• **Task prompt**:
Transcribe the entries below exactly, starting with the line that has "دعت وزارة الصحة" and stopping after the line that has "Dieses Gutachten (abe)"; no pictures belong in the copy.

• **Source information**:

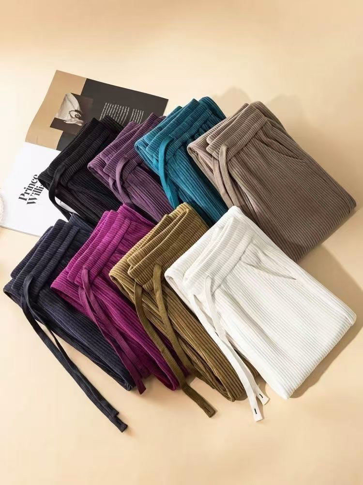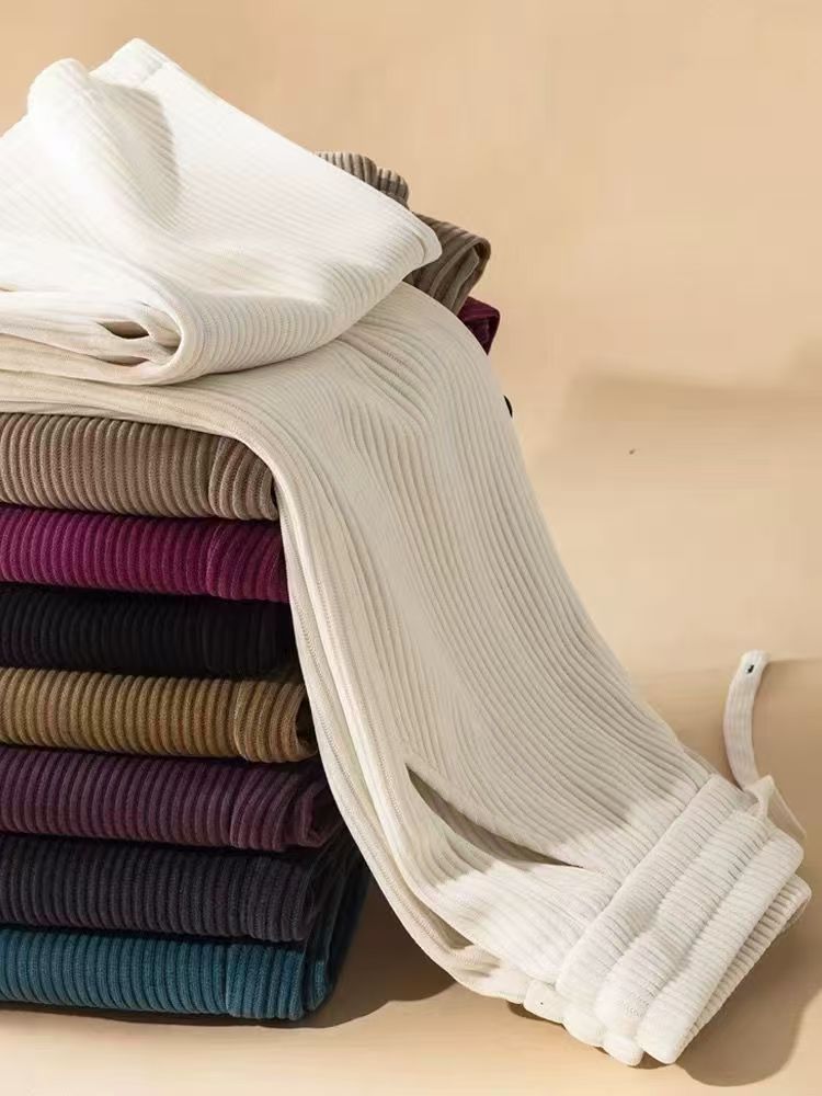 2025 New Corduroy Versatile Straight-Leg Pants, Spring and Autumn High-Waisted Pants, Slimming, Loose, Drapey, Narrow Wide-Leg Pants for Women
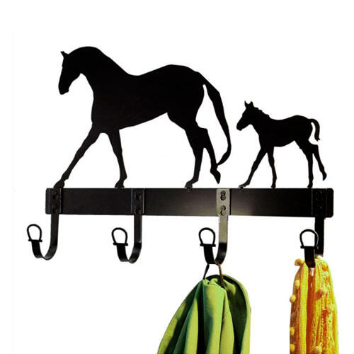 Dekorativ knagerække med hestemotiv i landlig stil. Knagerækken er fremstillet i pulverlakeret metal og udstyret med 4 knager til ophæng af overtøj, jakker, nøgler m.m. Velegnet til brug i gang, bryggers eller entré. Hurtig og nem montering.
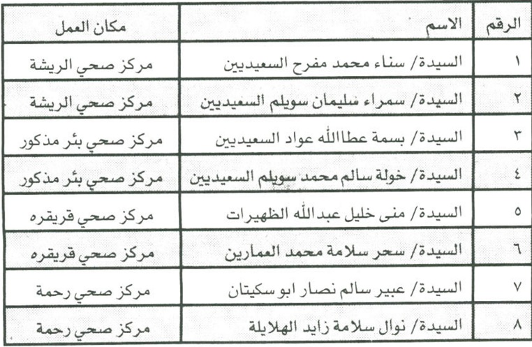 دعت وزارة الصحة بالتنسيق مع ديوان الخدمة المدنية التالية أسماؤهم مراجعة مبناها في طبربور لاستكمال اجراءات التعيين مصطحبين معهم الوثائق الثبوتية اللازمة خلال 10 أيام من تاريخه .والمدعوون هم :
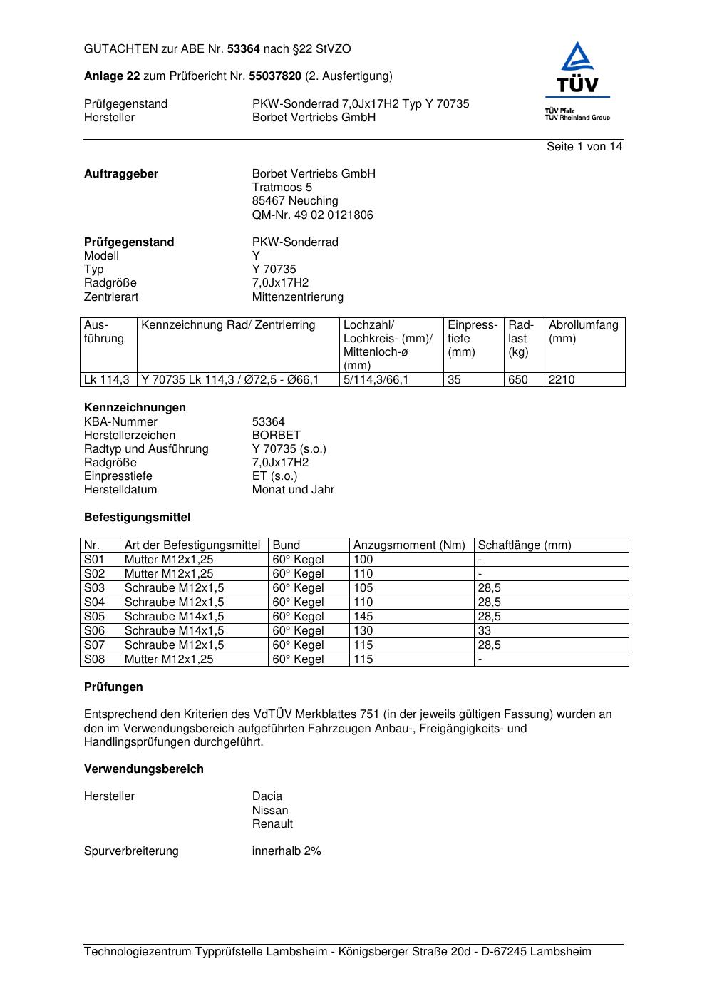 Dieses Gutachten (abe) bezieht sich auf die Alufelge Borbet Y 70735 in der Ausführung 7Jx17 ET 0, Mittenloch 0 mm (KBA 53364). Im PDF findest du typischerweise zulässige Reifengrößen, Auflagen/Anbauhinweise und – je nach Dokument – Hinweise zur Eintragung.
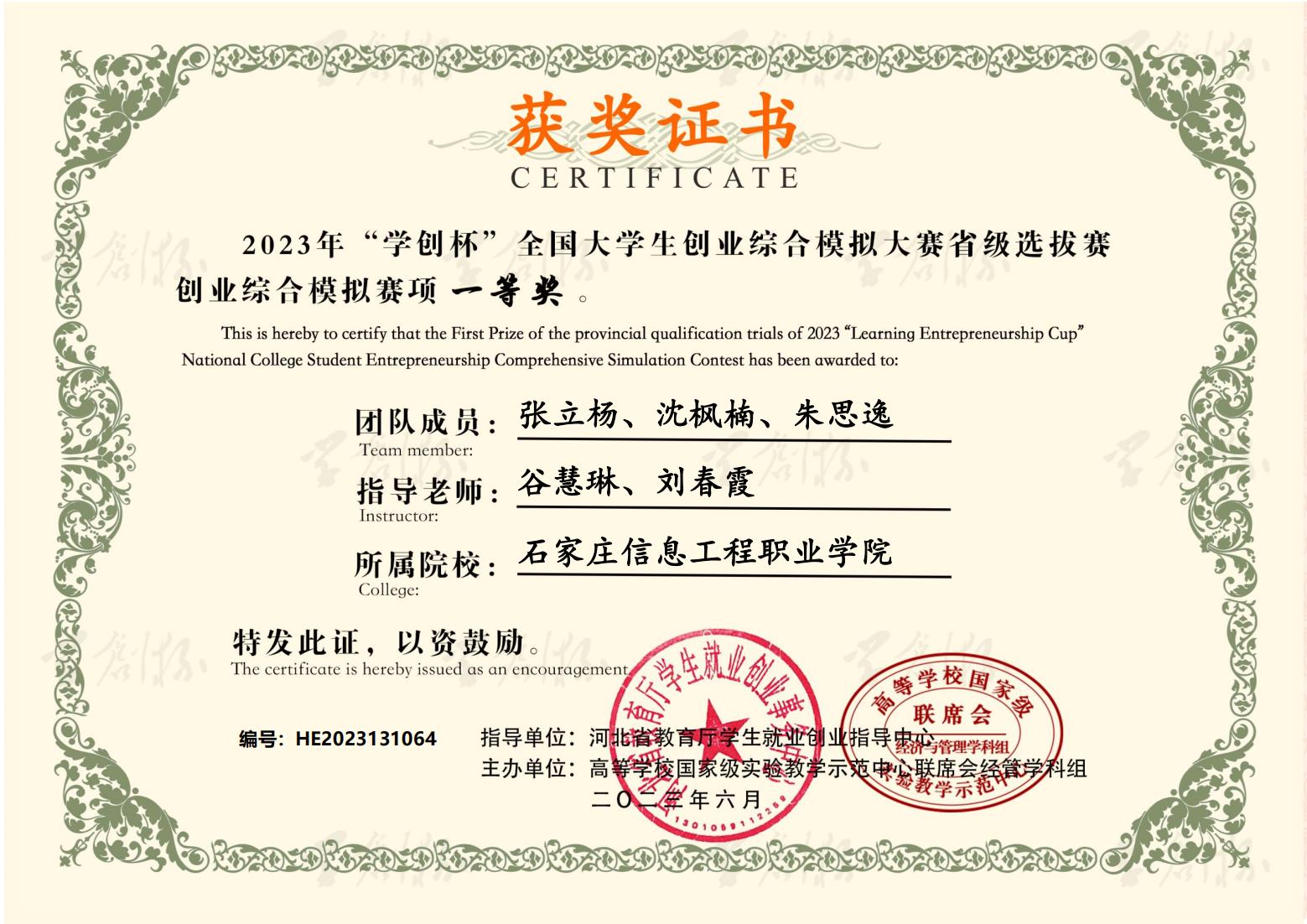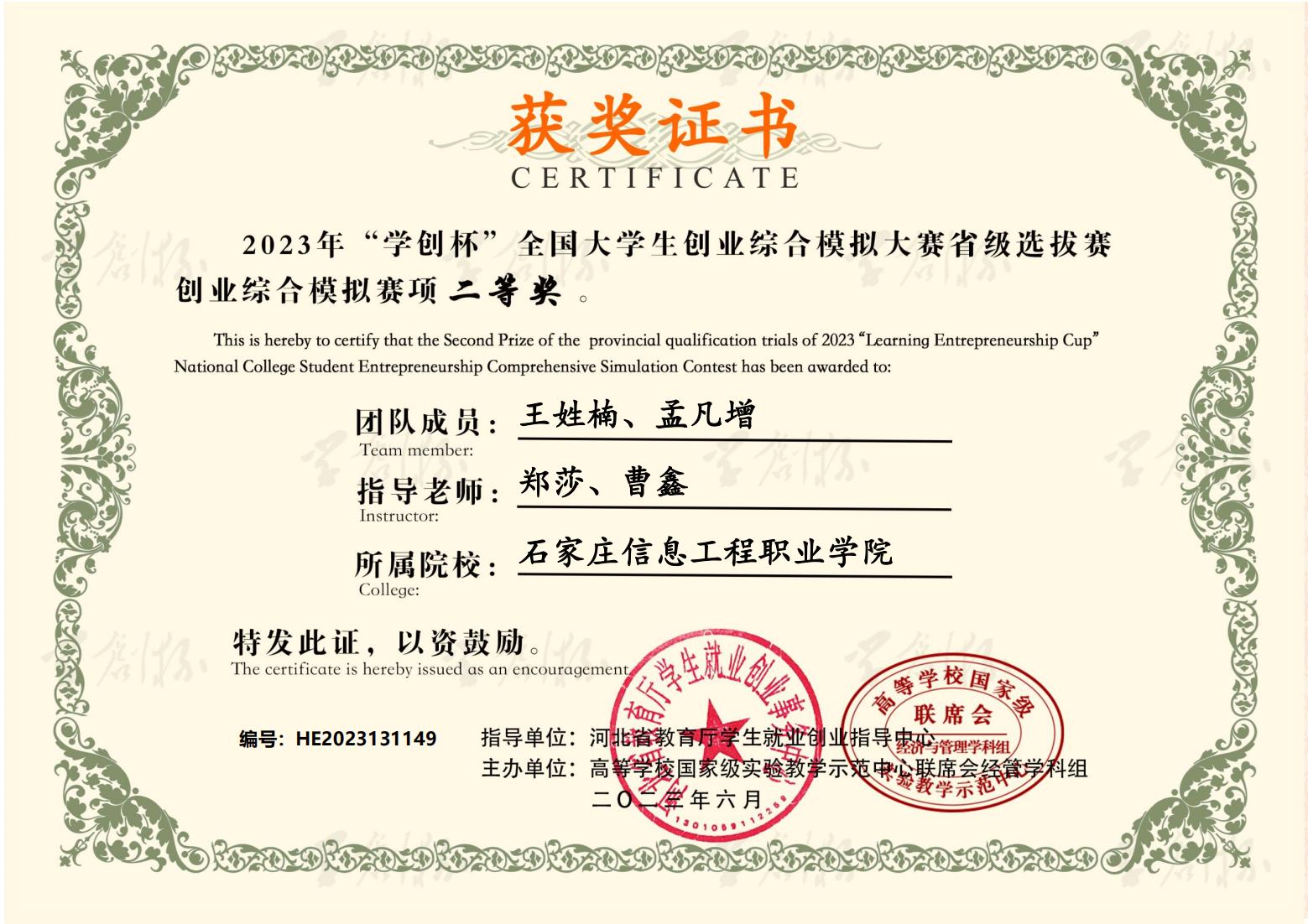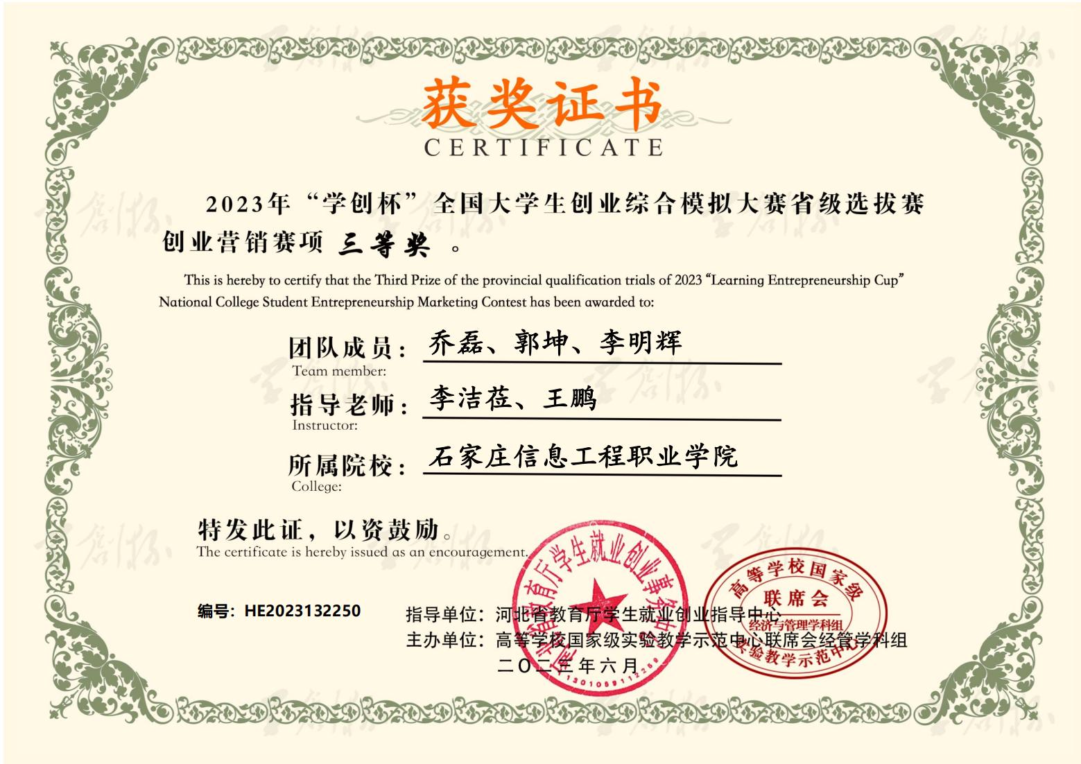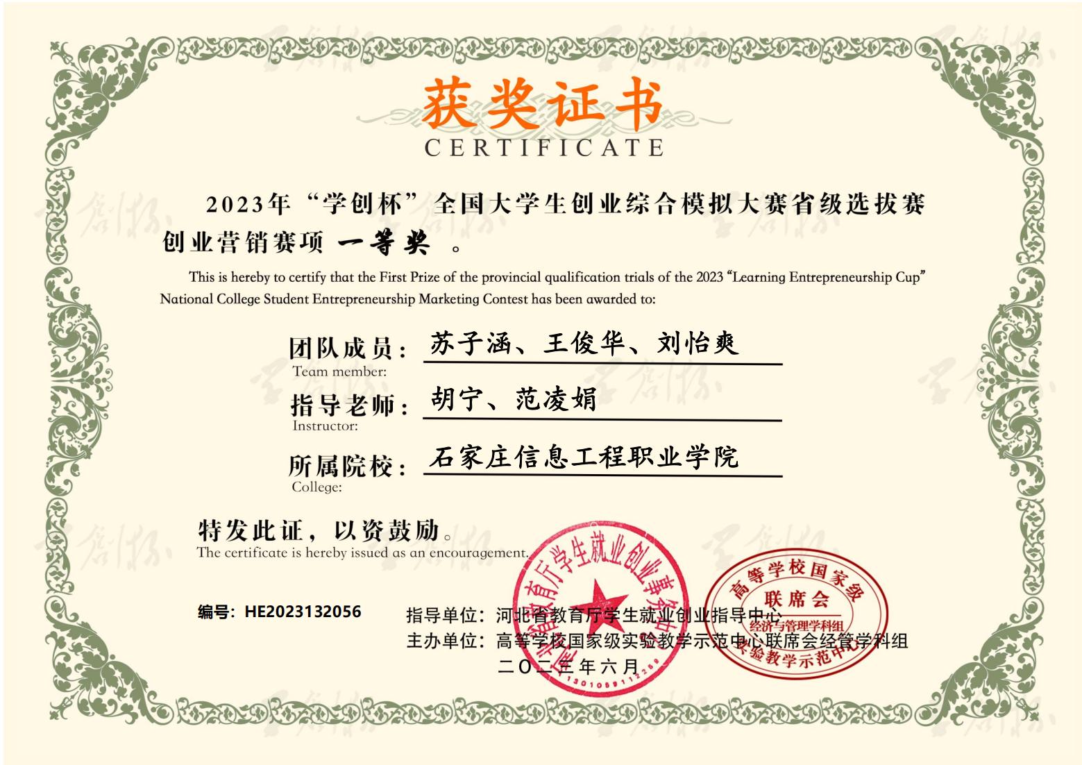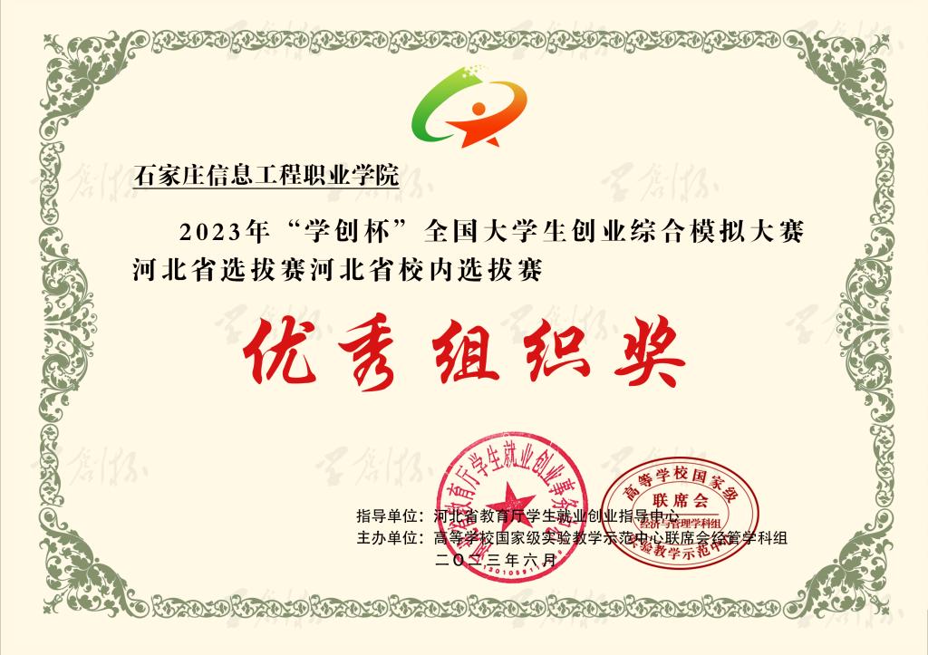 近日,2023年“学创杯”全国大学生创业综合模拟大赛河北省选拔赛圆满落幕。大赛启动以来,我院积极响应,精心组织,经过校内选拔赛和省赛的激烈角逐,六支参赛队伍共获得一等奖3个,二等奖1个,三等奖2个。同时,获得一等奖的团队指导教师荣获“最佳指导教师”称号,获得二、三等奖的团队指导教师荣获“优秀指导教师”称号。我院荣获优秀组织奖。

• **Solution to this task**:
 دعت وزارة الصحة بالتنسيق مع ديوان الخدمة المدنية التالية أسماؤهم مراجعة مبناها في طبربور لاستكمال اجراءات التعيين مصطحبين معهم الوثائق الثبوتية اللازمة خلال 10 أيام من تاريخه .والمدعوون هم :
 Dieses Gutachten (abe) bezieht sich auf die Alufelge Borbet Y 70735 in der Ausführung 7Jx17 ET 0, Mittenloch 0 mm (KBA 53364). Im PDF findest du typischerweise zulässige Reifengrößen, Auflagen/Anbauhinweise und – je nach Dokument – Hinweise zur Eintragung.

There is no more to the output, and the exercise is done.